July 15, 2014

Organizing a Data Analysis Project

Deprecated (April 2020)

I have written an updated version of my data analysis project organization system here.

Over the past several years, I’ve been working on a standard way for organizing my data analysis projects.

Data analysis is bread-and-butter work for an epidemiologist: you start with some data, write code for data cleaning and statistical analysis, and hopefully turn your analysis into a publication.

I’ve discovered there are some big benefits to always organizing these projects the same way. For example:

Switching between working on different projects is quicker and easier because data and code are always in the same place within each project.
It’s easier and faster to pick up a project after not working on it for a few weeks.
Mistakes like overwriting original data are harder to make (and recoverable).
Collaborating is easier with a clear organizational structure and a bit of standardized documentation.
Code runs faster in practice because it’s modular (I describe this in more detail below).
Backups are easier and less error-prone because it’s clear what needs to be backed up.

The bottom line is this system saves time and reduces mistakes.

Folder structure

I keep all the work for a given project in the same folder, and I always organize this folder the same way:

Example folder structure tree diagram

You’ll probably want to refer back to this diagram as you continue reading.

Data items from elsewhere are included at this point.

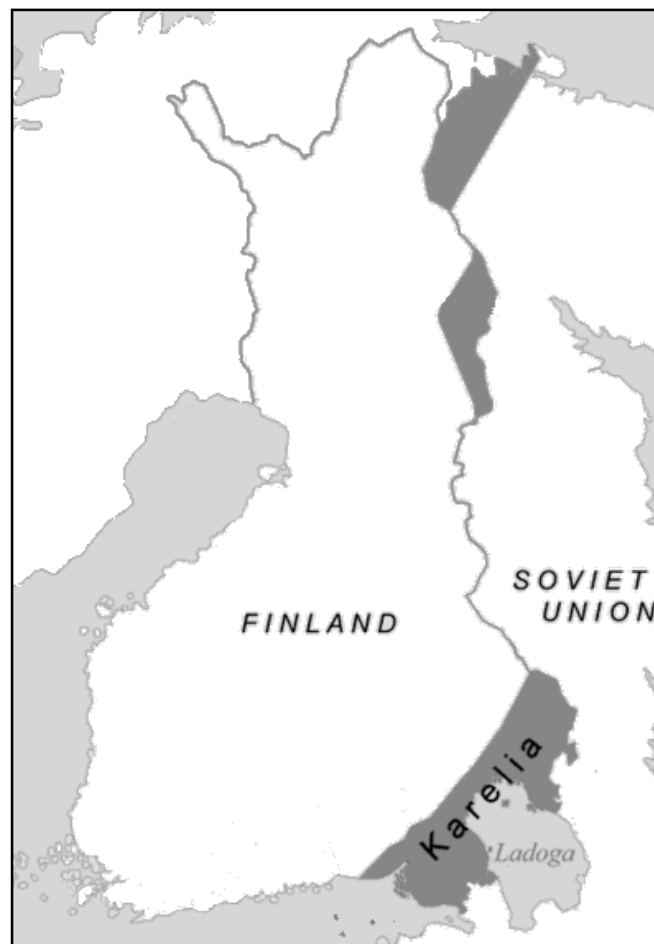
Map 3: Finnish areas ceded to Russia in 1944
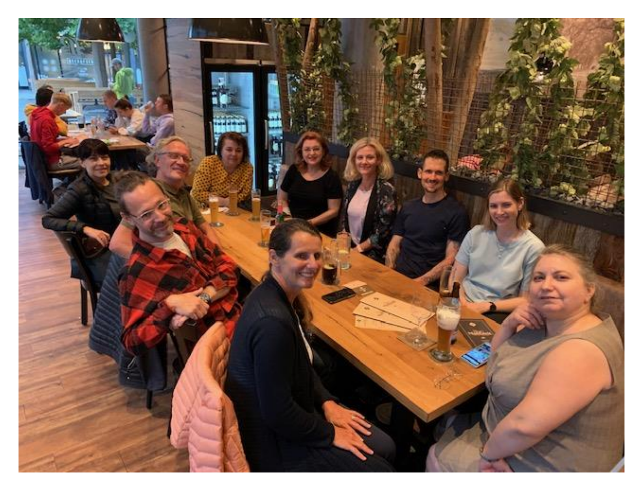
Figure 4: Get together at Reutlingen city
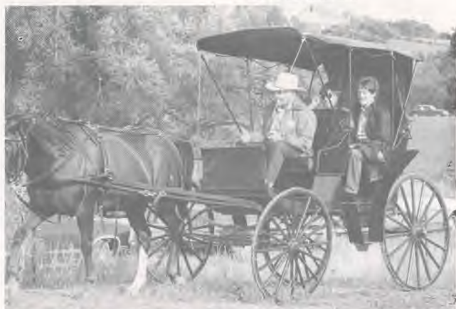
Fred Murray provided buggy rides during the Sunday closing activities.

horse and buggy rides and an old-fashioned chuckwagon breakfast.
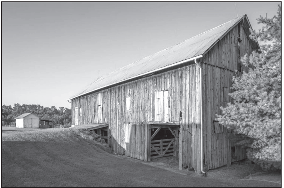
Since the barn was not built into a bank access, the threshing floor is reached by a massive stone ramp leading over a bridge entry.

Two other wooden structures also sit on the farm. There is a shed with a lean-to attached, as well as a small barn with a large lean-to surrounding two of its four sides. The small barn harbors an assortment of newer and antique tools. Especially notable, however, are the hand-hewn logs that comprise the structure. Though the exact history of the timbers isn't known, there are two main possibilities associated with them. Either the small log barn predates the Pennsylvania German barn, or the timbers framing the small barn were salvaged from an earlier structure, like an-
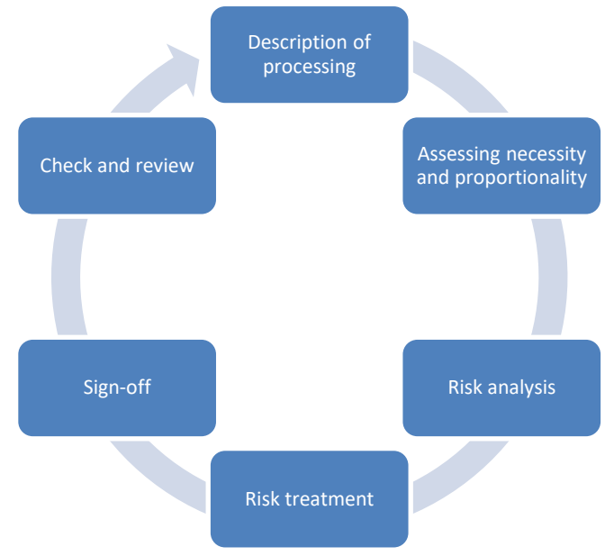
Figure 3: Generic DPIA process

DPIAs are a cyclical process , not a one-off exercise. When you do a DPIA during the development of a new process, it does not stop once the process is adopted and rolled out. If you change the process, your risk environment changes, or simply after a certain period, you have to revisit your DPIA, check if it still reflects reality and update it when required.
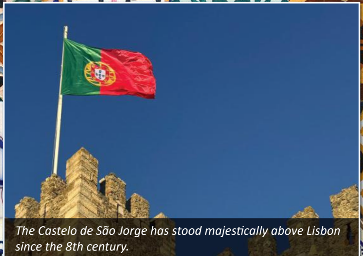
The Castelo de São Jorge has stood majestically above Lisbon since the 8th century.

We were able to have a Life Event on a Saturday night in Coimbra. The church was packed and the crowd sat speechless as the lies behind suicide were exposed and confronted. During the time of altar ministry, people came forward desperate for prayer and deliverance. As God’s presence began to move, tears and shouts of joy filled the auditorium. Life and freedom in Jesus replaced hopelessness and pain.
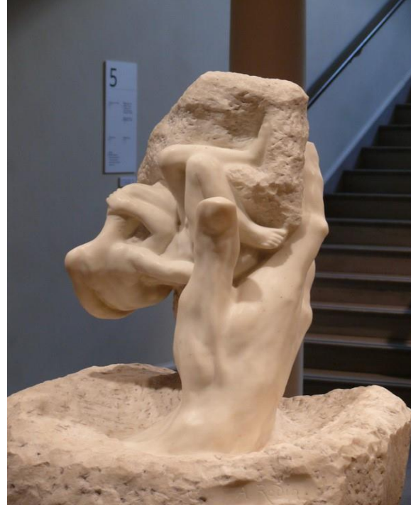
August Rodin (1840-1917), "Hand of God" (ca. 1898) Metropolitan Museum of Art, New York

First Presbyterian Church gratefully acknowledges the Indigenous Peoples on whose ancestral homelands we gather, as well as the diverse and vibrant Indigenous communities who make Iowa and Illinois their home today. The communities we serve through our ministries occupy the traditional homelands of the people of the Kiikaapoi, Myaamia, Ojibwe, Šakówinj, Peoria, Sauk, and Meskwaki nations. We honor these and numerous Indigenous tribes who first made the banks of the Mississippi River a center for arts and commerce.
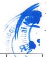
TABLE A3 : Socio economic profile of PAPs (for individuals)
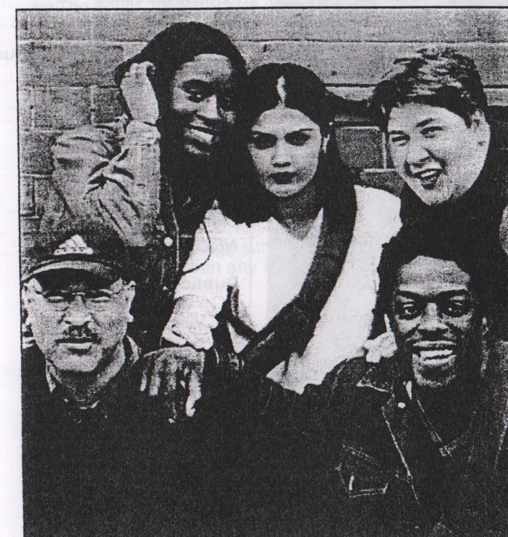
One of the URBAN Projects - the URBAN Youth Team. (A couple of issues back we had a rather poor photo of the Urban Youth project team. Here we have a much better pic so there's no excuse not to recognise them.)

*Key Fund (grants scheme). *Accreditation of Prior Learning Experience. *Community Safety Coordinator. *Urban Illuminations. *Community Justice Project. *Anti Racist Manual. *Cultural Awareness in Housing. *Participation in Decision Making. *Learning Legacy (staff and grant scheme with over 190 Grants [as of June 2000]).
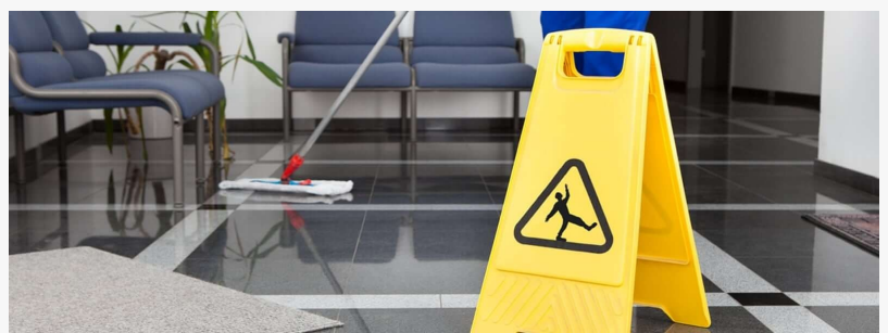
office cleaning services

KING OF PRUSSIA, PA, UNITED STATES, April 17, 2026 /EINPresswire.com/ -- Green Bee ProClean, a cleaning service provider based in King of Prussia, Pennsylvania, has introduced a referral program aimed at formalizing how new clients are connected to its services through existing customer networks. The initiative outlines a process for recognizing referrals while maintaining the company's ongoing residential and commercial cleaning operations in the region.
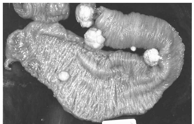
Fig. 2. Small intestine with polypoid mucosal metastases from alveolar soft part sarcoma. Note the intussusception polyp at the top center.

The small bowel resection was in two parts, with the larger 43 cm segment containing five sessile polypoid
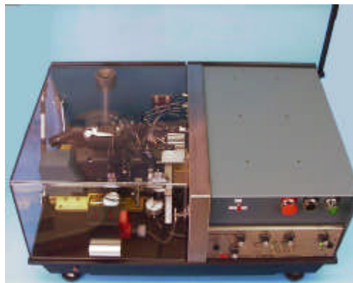
Model 015 Die Sorter

Vacuum generator– This generates 25” Hg vacuum from 80 PSI Air.
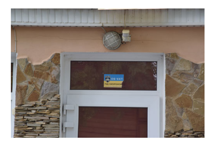
FIGURE 5. A hard to remove sticker in Ukrainian: 'The object is under protection', with the Ukrainian flag as a background, Yevpatoria.

Walls were one of the central battlefields in the proclaimed war against Ukraine as an ideological competitor of the Russian state. Walls of buildings, bus stations, façades; walls in museums, cafes, shops; walls of schools, state-governed institutions, libraries: all of them served as canvases for this ideological fight.
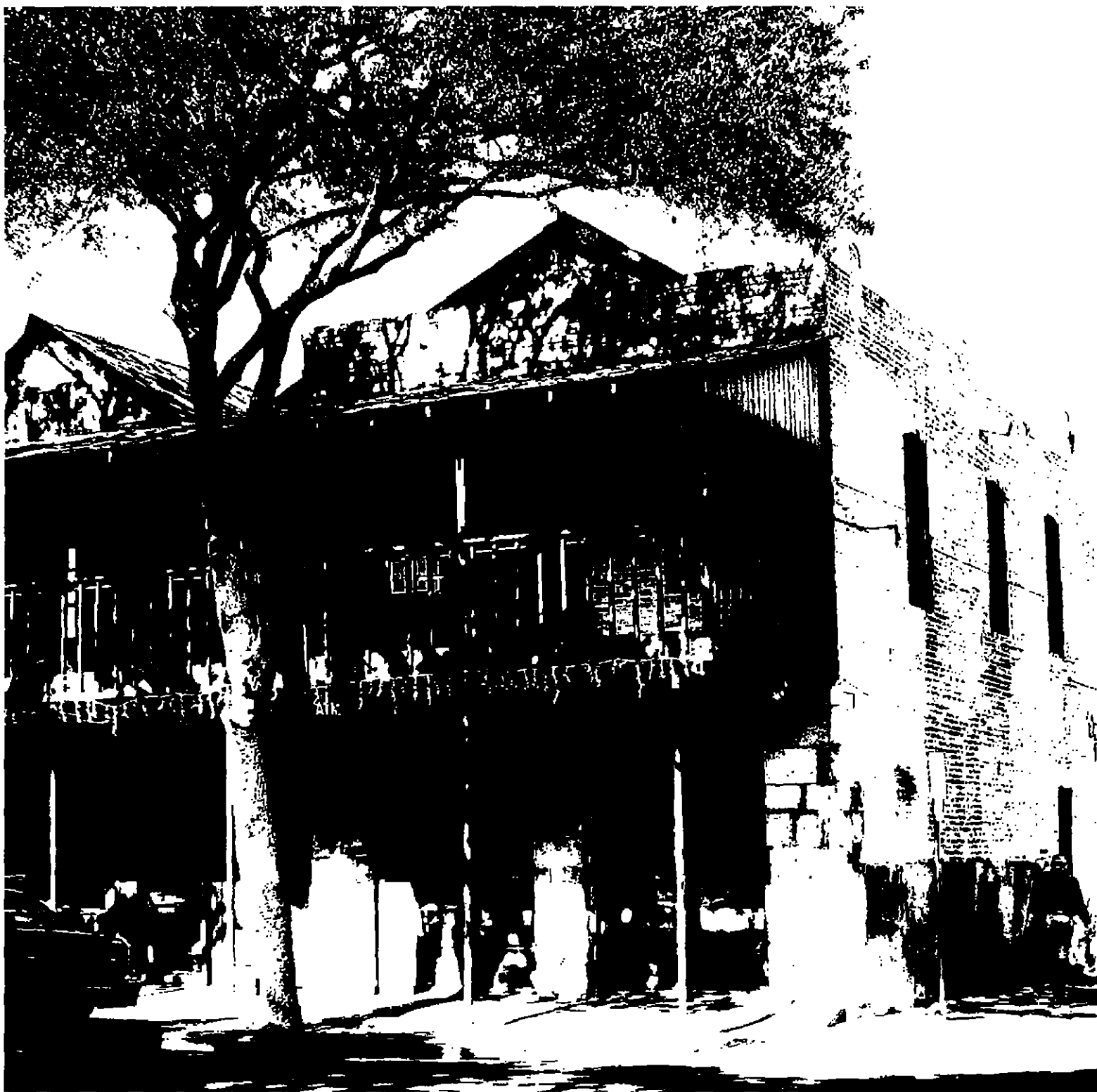
Photograph of the existing building at 708 East 6 th Street
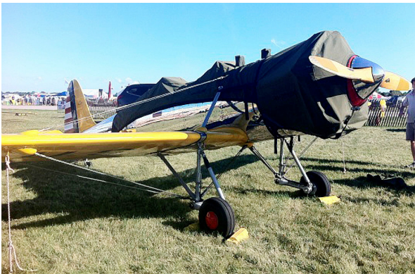
Ryan PT-22 Canopy Cover and Engine Cover
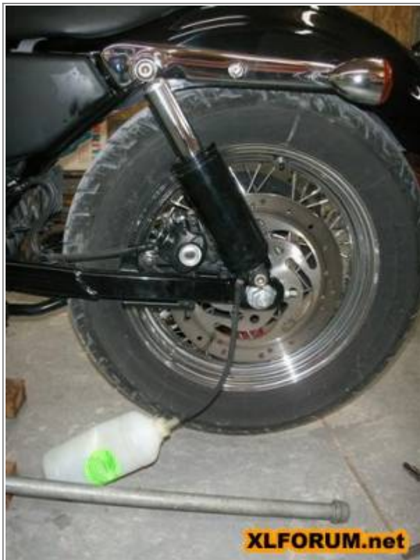
Removing RK shock oil 11)
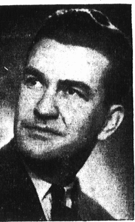
Mr. J. Angus MacLean
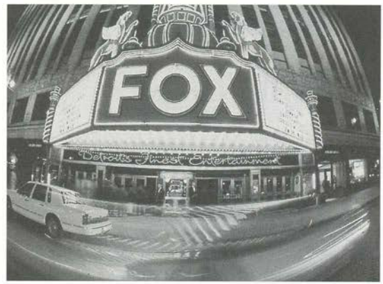
Built in 1928 in the tradition of great movie palaces, this magnificent theater was beautifully restored in 1988 and offers the finest in entertainment from concerts and musicals to magicians and ice shows.

beer blue collar. Pewabic pottery, founded during the Arts and Crafts Movement, is rooted in tradition and elegance. You're quite happy to see that there are public installations throughout the city, and, if you could afford it, you'd plaster the tiles throughout your house. Maybe a small tile as a souvenir is in order.
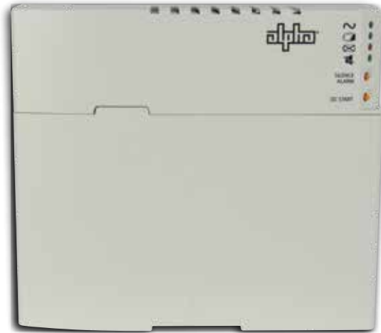
FP1208-F Series UPS with battery cover for 5 to 8Ah battery
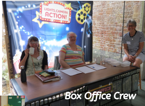
Box Office Crew
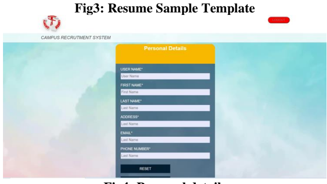
Fig4: Personal details
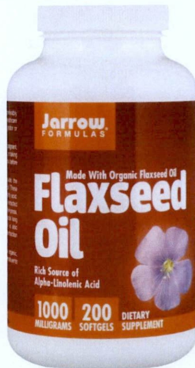
Figure 3. Unregistered JARROW FORMULAS® Flaxseed Oil 1000mg Dietary Supplement, 200 Softgels
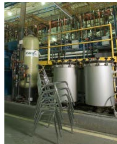
Plating Chair Frame

vacuum distillation units runs through an ion exchange system with the following steps: ultrafiltration, granular activated carbon, ion exchange, final filtration and ultraviolet sterilization. The resulting de-ionized (DI) water is reused on the plating line, resulting in a closed-loop process, where all industrial wastewater discharges to the sewer are eliminated.
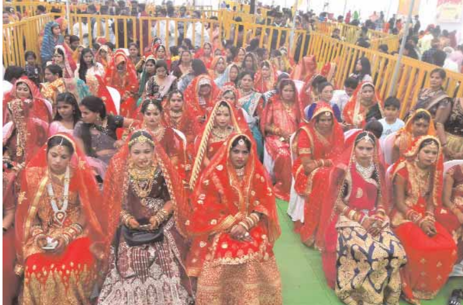
Brides of Ahirwar Community during a mass marriage ceremony under Mukhyamantri Kanyadan Yojana on the occasion of Sant Ravidas Jayanti in Bhopal on Saturday.

for blessings and in the middle there is a Vajra shaped handle and on the lower end there is a triangular blade like structure which completely eliminate ignorance, greed and hatred which are the three obstacles in the path of spirituality and gives control over the three periods of time – present, past and future and it does maintain stability and energetic continuity. Phurba is used to establish stability in the prayer space during ceremonies, as well as in various cultural contexts, such as exorcism, to cure illness, control of weather such as heavy rains, hailstorms, Tantra Sadhana and paving the way for rebirth by freeing wandering souls. It is widely practiced by exorcists, magicians, shamans, and lamas for purposes such as meditation and blessings. The association of the implement with Vajrakilaya represents the transformation of negative energies into positive energies. Its energy is fiery and connects the fundamental processes of the sky with the earth, thereby establishing an energetic continuity. Phurba is Usually made of brass and meteorite but other materials such as metal, wood, bone, horn, or crystal are also used.
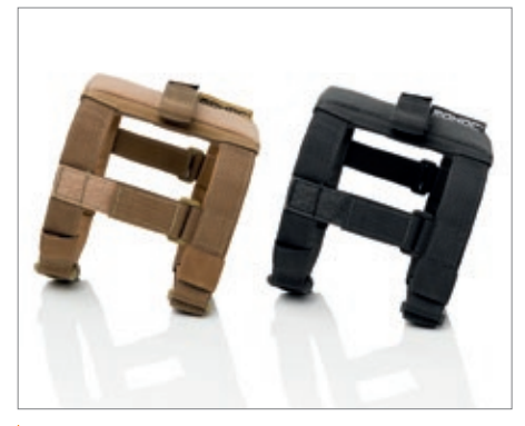
AVAILABLE IN TAN (MH-K9T) AND BLACK (MH-K9BK)
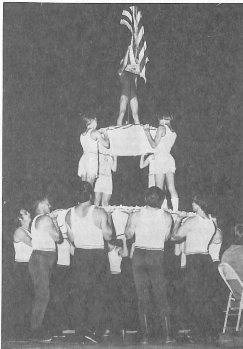
Southern District - Sokol segment of program during SPJST Convention.
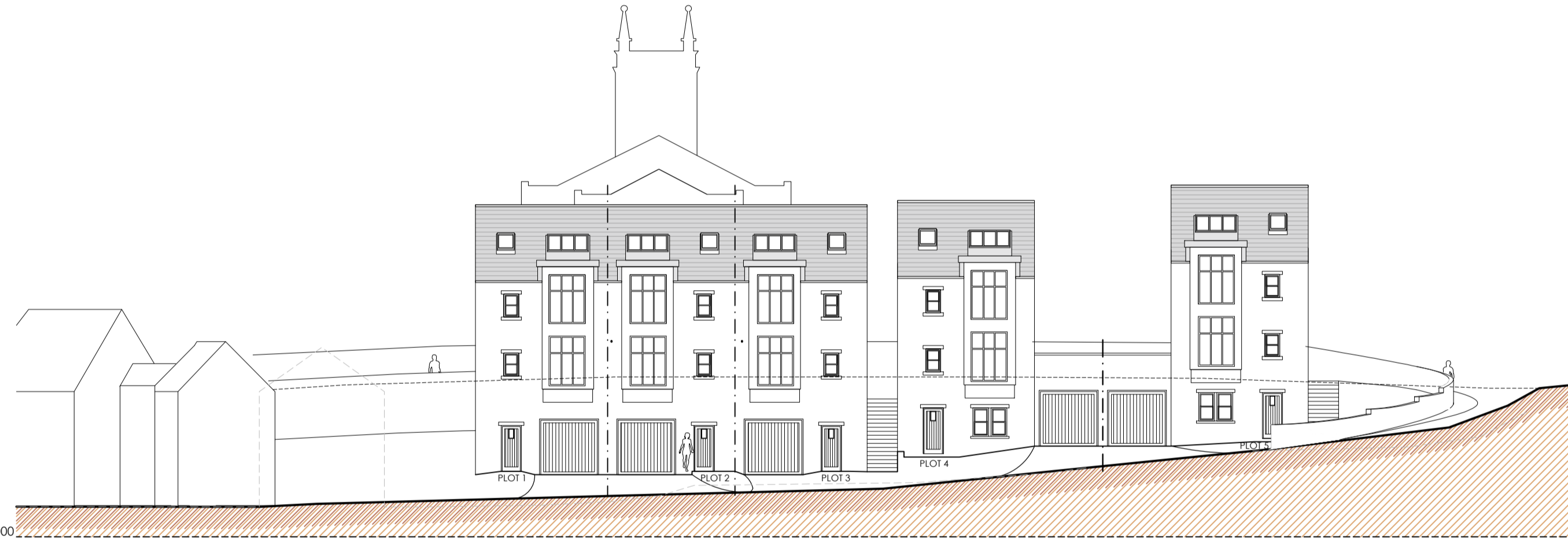
Site Section B-B: East (Rear) Elevation As Proposed 1:200 @ A1
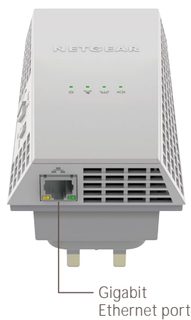
Gigabit Ethernet port
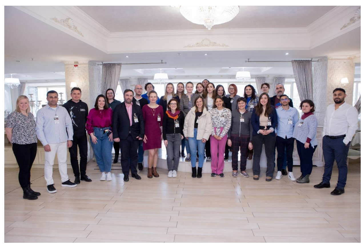
Figure 4. Members of national delegations, the Youth Partnership representatives and mentors.

Given the project is still actively in progress, this report does not provide any summary or conclusions at this time. Rather, it invites the reader to stay tuned as the initiative continues unfolding. For now, we look forward to the delegations and mentors driving towards the project objectives. The story is still being written, so stay tuned!
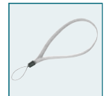
Hand strap O-ST20
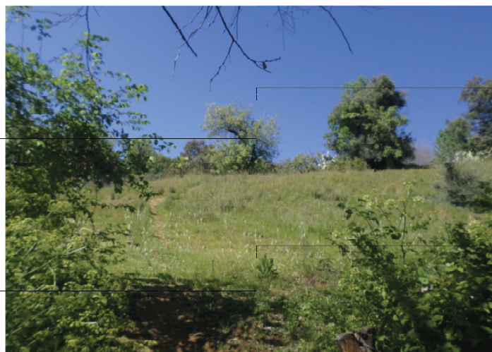
Uzzu( Taza- Larebæa n At Yiraten)
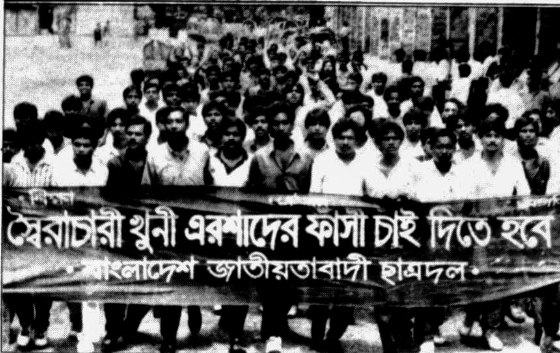
JCD rally in city on Wednesday demanding death penalty to deposed President H M Ershad.
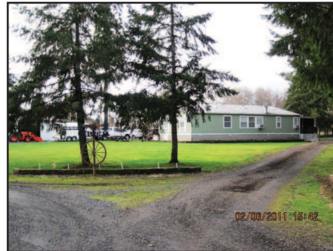
67825 Taylor Lane, Vernonia..... $349,000 Two tax parcels zoned RR5 w/upper end, beautiful "Golden West" triple-wide MFH, barn, 11.74 fenced acres, shop, outbuildings - all the bells & whistles you would want in a country home on acreage!
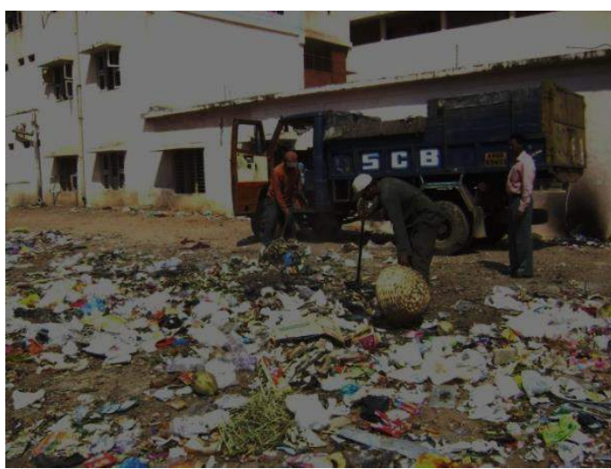
Before the advocacy
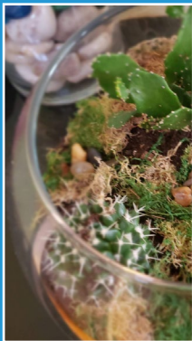
AQUARIUMS & TERRARIUMS

Statistics package code. I keep all my SAS code in the sas/ folder, and I set SAS to save any output to sas/out/ so it doesn’t clutter up my code. If I was using Stata or R instead of SAS, I would create a new top-level folder called stata/ or r/. I’ll get into the different .sas files below; these are equivalent to .do files in Stata and .r files in R.

Data. I keep all my data files in the data/ folder. I always make a .zip archive of my raw data so if I accidentally save over the raw data I can restore it.

Everything else. I keep Word documents, slide decks, graphs I make in DataGraph (my graphing package of choice), etc. in the documents/ folder. I’ll make sub-folders in here as I see fit.

Note

In this article I use SAS in this article as my example statistics package. However, I typically use Python, R, and Stata for data analysis – any of these could replace SAS below, and this structure works well with multilingual projects.

Statistics package code

These are the code that runs in SAS, Stata, R, etc. for doing data cleaning, merging data, running statistical analysis, etc. (Here I’ll use SAS for my examples, corresponding to the sas/ folder above.)

Regardless of what statistics package I use, I’ve found that working with data generally involves the following steps:

I start off with one or more raw data files.¹
I then write some code to produced a derived dataset, which is based off of the raw data.
I then run a bunch of analysis code (e.g. descriptive statistics, regression, etc.) on the derived dataset.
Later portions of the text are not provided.